DESCRIPTION: This project seeks to leverage the capabilities of the recently released Occulus Rift immersive virtual reality system to build a system that could be used to design complex 3D objects. The idea would be to combine the virtual reality system with a handheld haptic feedback device like a WiiMote which would also be actively tracked in 3D. Given this input/output system the software would be responsible for constructing a virtual workspace and responding appropriately to the users input to provide a compelling, intuitive interface that would allow the user to rapidly create complex 3D forms which could be fabricated on a 3D printing system. The goal would be to improve on the current generation of CAD software packages which can be cumbersome and difficult to use particularly when one is constructing more complex free/form shapes.

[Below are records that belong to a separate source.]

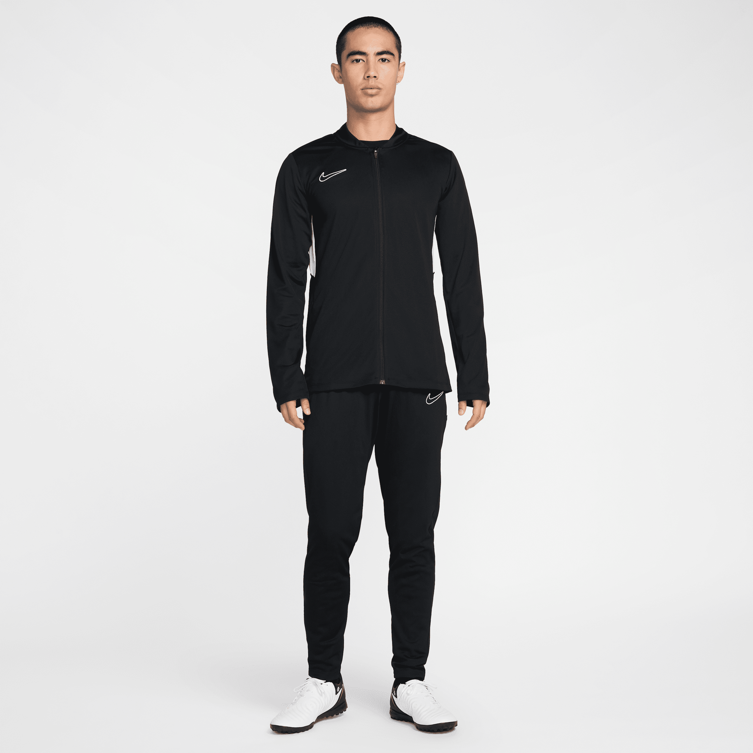 Um caimento elegante para você se mover sem distrações em qualquer situação.BenefíciosA tecnologia Nike Dri-FIT absorve o suor para uma evaporação mais rápida, ajudando a manter seu corpo seco e confortável.Armazene seus itens essenciais nos bolsos abertos do blusão e nos bolsos com zíper da calça.O tecido de malha macio é leve e fresco.Detalhes do produtoCalça: cós elástico com cordãoJaqueta: design com zíper inteiriçoEstrutura: 100% poliésterImportadoLavagem à máquina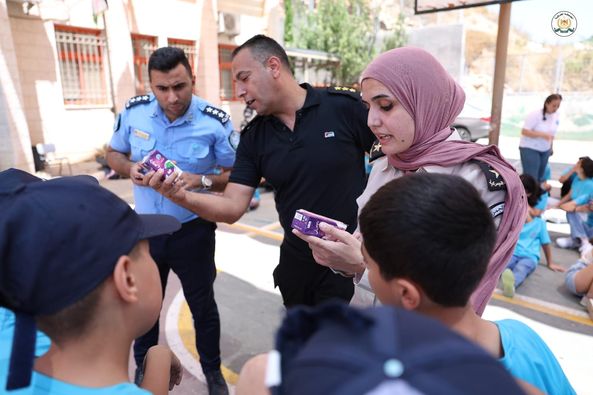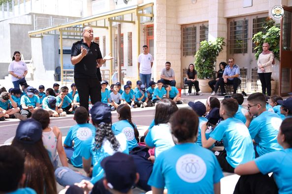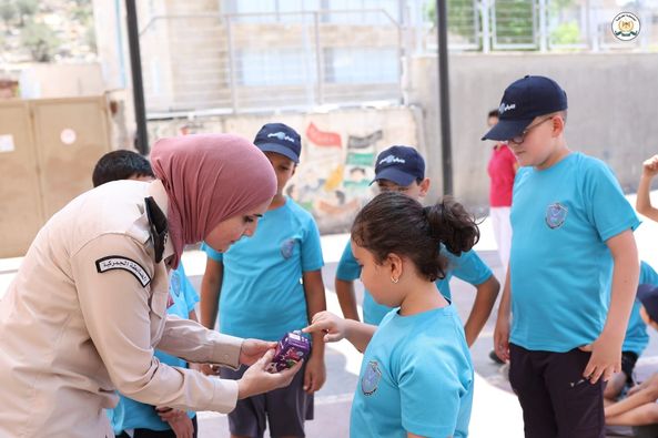 Ramallah - 7/23/2024 The Public Relations and Media Department of the Customs Police Service presented an awareness lecture to the students of the “Little Policeman” summer camp, affiliated with the Palestinian Police Service, today, Tuesday, at the Ziyad Abu Ain School in the Ramallah and Al-Bireh Governorate, from which (130) benefited. Male and female students.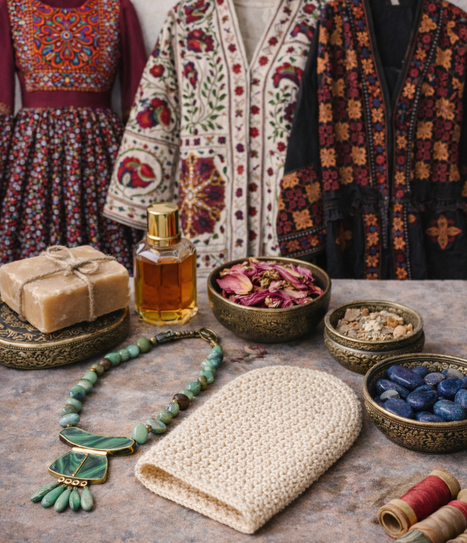 We also carry beauty products rooted in Eastern traditions, from botanical oils and skin rituals to hand crocheted bath products inspired by time-honored techniques.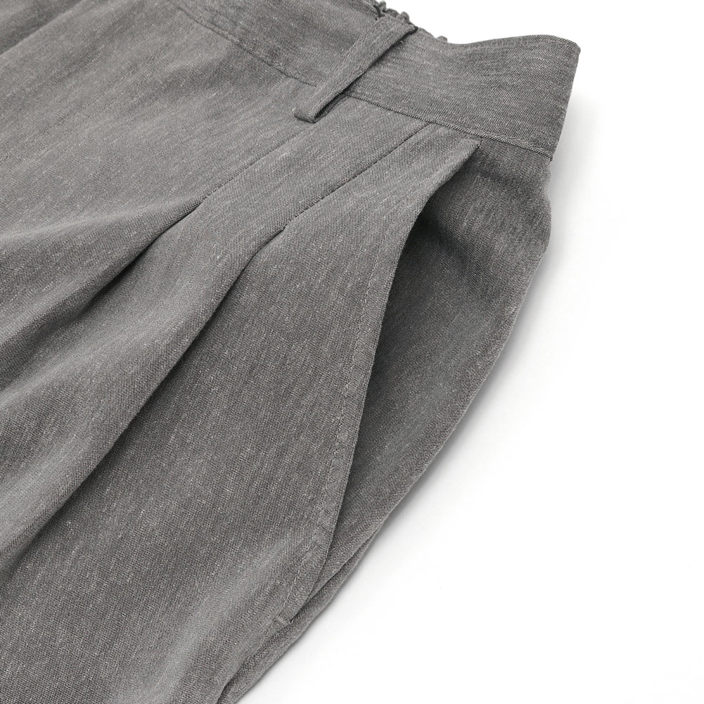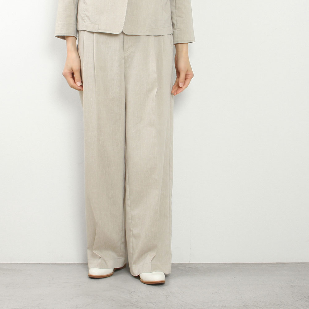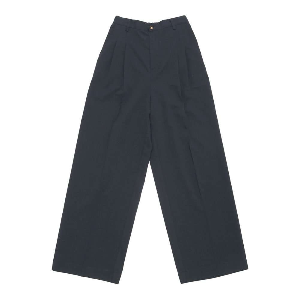 ツータックのセンタープレスデザインですっきりとしたワイドシルエットパンツ。さらりとした肌触りが心地よく、細すぎず、太すぎない使いやすいアイテムです。

PRE-REQS: Knowledge of OpenGL and graphics programming very helpful, knowledge of C and/or C++


IDEA: Deciding on the "Scope" of Columns in Tables from the Web

CONTACT: Zack Ives (zives [at] cis)

DESCRIPTION: > An increasing number of places (in industry, e.g., Google, and in research, e.g., at CMU) are interested in crawling the Web to find not just documents -- but facts. For instance, one might build a database of statistics on baseball players, a list of mountains by height and geo coordinate, etc.

A great source of such facts is, in fact, HTML tables from the Web. But a difficult question is how to take an arbitrary table from the Web and interpret what's in each column. For instance, "location" could be a geo code for a point, the nearest city, etc. Moreover, if we look at all of the locations in a table, we might decide that they are locations in Pennsylvania, or major international cities. We term this description the "semantic scope" of the column.

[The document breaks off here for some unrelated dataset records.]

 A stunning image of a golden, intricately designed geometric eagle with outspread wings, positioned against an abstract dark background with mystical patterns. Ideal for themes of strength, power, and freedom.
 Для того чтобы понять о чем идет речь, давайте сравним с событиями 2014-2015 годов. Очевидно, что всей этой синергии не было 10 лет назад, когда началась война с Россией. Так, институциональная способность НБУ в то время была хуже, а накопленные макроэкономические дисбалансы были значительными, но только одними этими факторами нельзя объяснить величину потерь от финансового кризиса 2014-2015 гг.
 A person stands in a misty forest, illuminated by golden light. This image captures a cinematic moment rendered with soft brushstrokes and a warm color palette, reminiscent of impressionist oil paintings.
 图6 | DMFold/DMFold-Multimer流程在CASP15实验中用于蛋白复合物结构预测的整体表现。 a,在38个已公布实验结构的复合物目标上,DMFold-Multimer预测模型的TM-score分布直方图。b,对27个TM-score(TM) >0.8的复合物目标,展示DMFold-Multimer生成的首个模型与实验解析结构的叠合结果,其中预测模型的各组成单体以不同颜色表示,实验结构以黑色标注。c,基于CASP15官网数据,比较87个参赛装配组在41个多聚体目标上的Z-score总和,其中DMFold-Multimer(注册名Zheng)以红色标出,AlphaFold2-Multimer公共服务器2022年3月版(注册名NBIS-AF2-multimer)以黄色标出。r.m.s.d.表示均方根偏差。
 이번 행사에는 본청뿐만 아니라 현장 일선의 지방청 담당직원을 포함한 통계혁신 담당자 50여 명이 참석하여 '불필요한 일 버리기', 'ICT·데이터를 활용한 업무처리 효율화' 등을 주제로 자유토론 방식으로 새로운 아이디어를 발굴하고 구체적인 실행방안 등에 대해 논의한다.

This research project seeks to evaluate and improve some of our proposed techniques for automatically detecting "semantic scope" of tables on the Web.

We want to automatically enrich structured data (tables) on the Web by detecting "semantic scopes" of table columns. Consider a real table in Wikipedia where one of its columns lists all county seats in Texas, including ambiguous place names such as "Athens" and "Paris". We wish to infer that the column is about Texas, using only entries in the table. This is useful in a variety of ways. For example, a visualization tool can indeed map "Paris" to a place in Texas rather than to the capital city of France. Detailed problem definition and proposed techniques can be found in our paper draft.

Current status: We have a draft manuscript describing in detail our proposed algorithms as well as some experimental results. We have developed both heuristic-based and probabilistic model-based approaches and have validated them in tables in the geographical data domain.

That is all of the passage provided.